**What needs to be done**
Only the lines below from the one containing "Canvas Wall Art" through the last line should be set down, exactly as written and with no pictures.

**Provided data**
· · · · ·

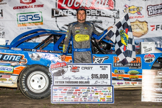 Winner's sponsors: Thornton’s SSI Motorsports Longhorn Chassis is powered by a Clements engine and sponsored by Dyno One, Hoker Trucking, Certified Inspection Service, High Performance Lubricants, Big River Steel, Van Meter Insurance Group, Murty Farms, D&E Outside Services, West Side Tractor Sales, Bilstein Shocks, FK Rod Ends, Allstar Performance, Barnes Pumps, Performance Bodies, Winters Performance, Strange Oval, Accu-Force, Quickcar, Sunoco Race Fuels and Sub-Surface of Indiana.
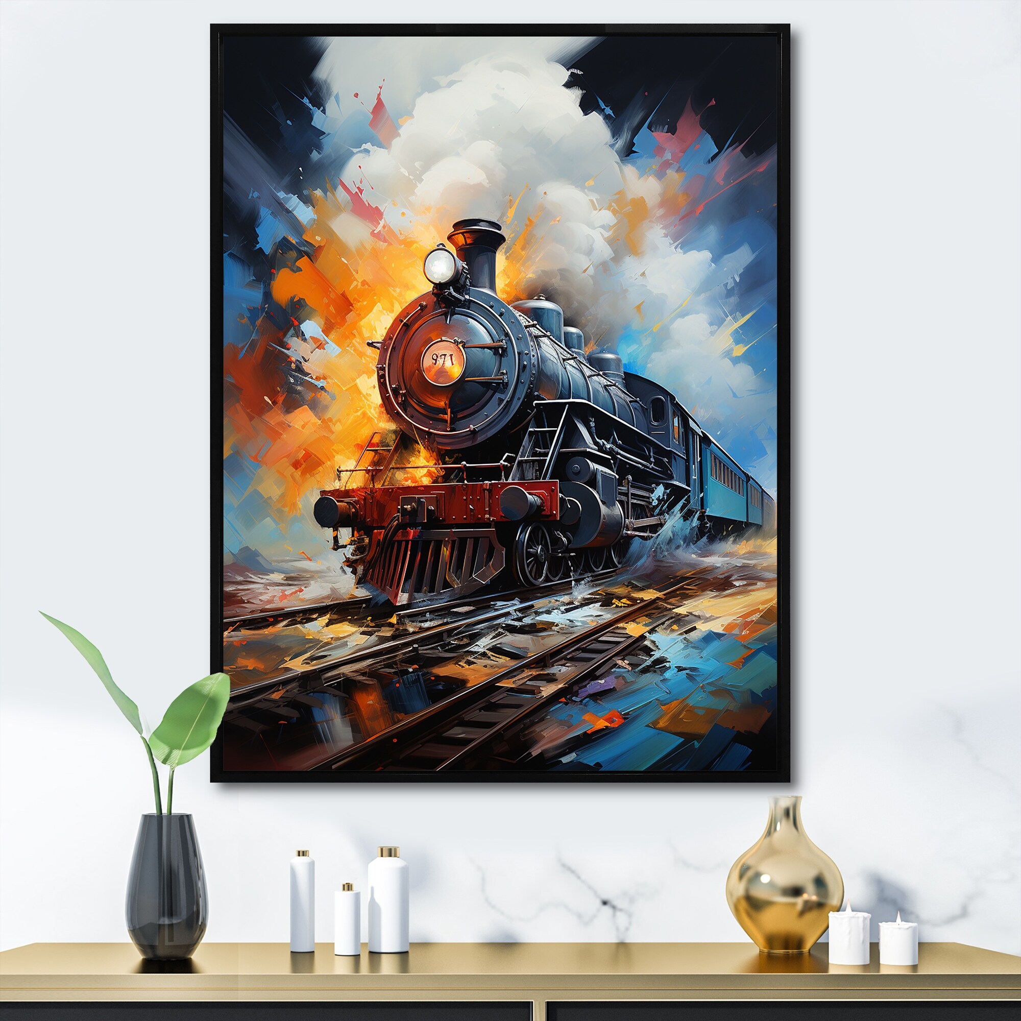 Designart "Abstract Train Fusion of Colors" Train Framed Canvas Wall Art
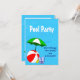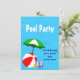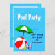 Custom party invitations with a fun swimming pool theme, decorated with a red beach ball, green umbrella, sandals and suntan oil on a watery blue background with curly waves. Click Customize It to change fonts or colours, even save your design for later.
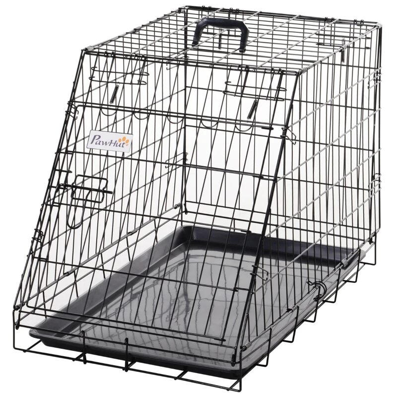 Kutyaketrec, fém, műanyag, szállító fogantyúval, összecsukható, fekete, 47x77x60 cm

· · · · ·

**Expected answer**
 Designart "Abstract Train Fusion of Colors" Train Framed Canvas Wall Art
 Custom party invitations with a fun swimming pool theme, decorated with a red beach ball, green umbrella, sandals and suntan oil on a watery blue background with curly waves. Click Customize It to change fonts or colours, even save your design for later.
 Kutyaketrec, fém, műanyag, szállító fogantyúval, összecsukható, fekete, 47x77x60 cm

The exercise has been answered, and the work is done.